Em entrevista, a ativista pacifista Kate Hudson alertou para os perigos da ameaça nuclear nessa guerra e afirmou: “não queremos mais e mais armas e tropas lá. Queremos uma negociação  pacífica, um acordo de segurança comum para a região, para que todos  possam viver em paz. Caso contrário, isso pode levar a uma guerra nuclear. Nessa guerra, são as pessoas comuns que sofrem, as mulheres e crianças, os pobres”. 

A solução não passa por “aumentar a representatividade” dentro da OTAN, mas sim por desmantelá-la. “Uma mulher apertando o botão nuclear não é feminismo”, afirmaram as mulheres envolvidas na construção da Cúpula pela Paz “Não à OTAN”, que se realizará em junho.

A guerra permanente contra o povo negro assola países que, em teoria, vivem em tempos de paz. “Precisamos lutar pela desmilitarização da vida e dos corpos, pleiteando o direito ao  território como centro do debate. Assim, podemos dialogar sobre mudanças  verdadeiramente radicais e de transformação social”, é o que aponta Dara Sant’Anna, em reflexão sobre a militarização das favelas no Brasil.

Existe uma continuidade entre as ocupações e intervenções militares nos países e o avanço das empresas transnacionais sobre os territórios.
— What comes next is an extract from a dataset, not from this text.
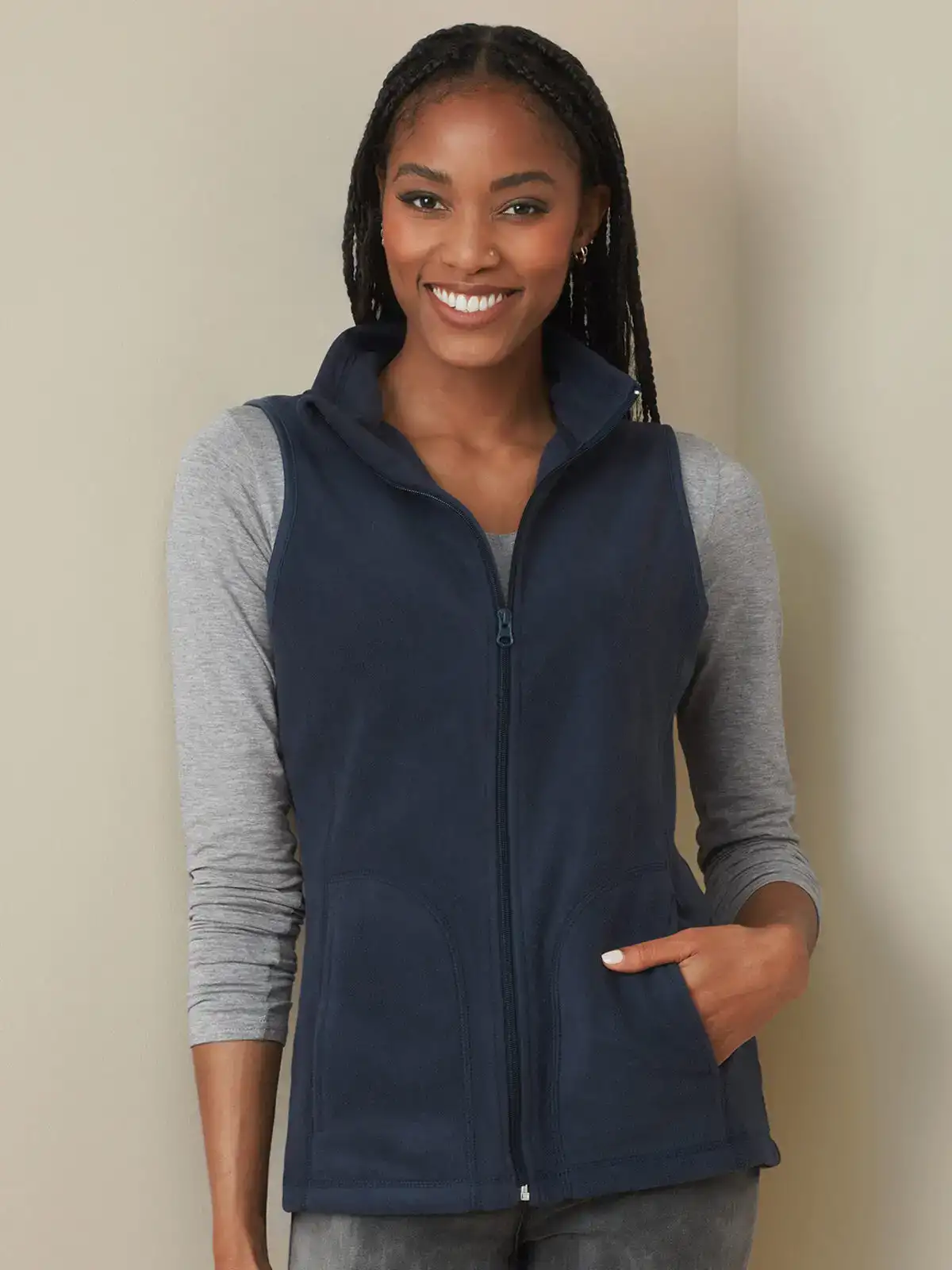 100% poliestere (anti-pilling). Pile anti-pilling micro-fleece, smanicato, con zip intera tono su tono, struttura con cuciture laterali, due tasche frontali.

O caso do Haiti é emblemático: décadas de missão da Organização das Nações Unidas (ONU) foram acompanhadas e seguidas por golpes e projetos políticos autoritários, apoiados pelos Estados Unidos, como denunciou Islanda Mircheline.

Compartilhamos todos esses pontos de vista e relatos de experiências porque entendemos que construir uma sociedade livre de violências, guerras, lucro e miiltarização é uma tarefa feminista – uma tarefa das mulheres que sustentam a vida, apesar de tudo, em suas comunidades e locais de atuação. E, quando nos faltam as palavras, lemos, vemos e ouvimos a produção de mulheres que unem arte e política nas mais diferentes linguagens. Al Khadra, Hanaa Malallah, Salka Embarek, Sofía Monsalve, Kishwar Naheed, entre tantas outras, explicam o inexplicável, dizem o indizível, nos ajudam a atravessar os conflitos e defender a paz e a soberania dos povos.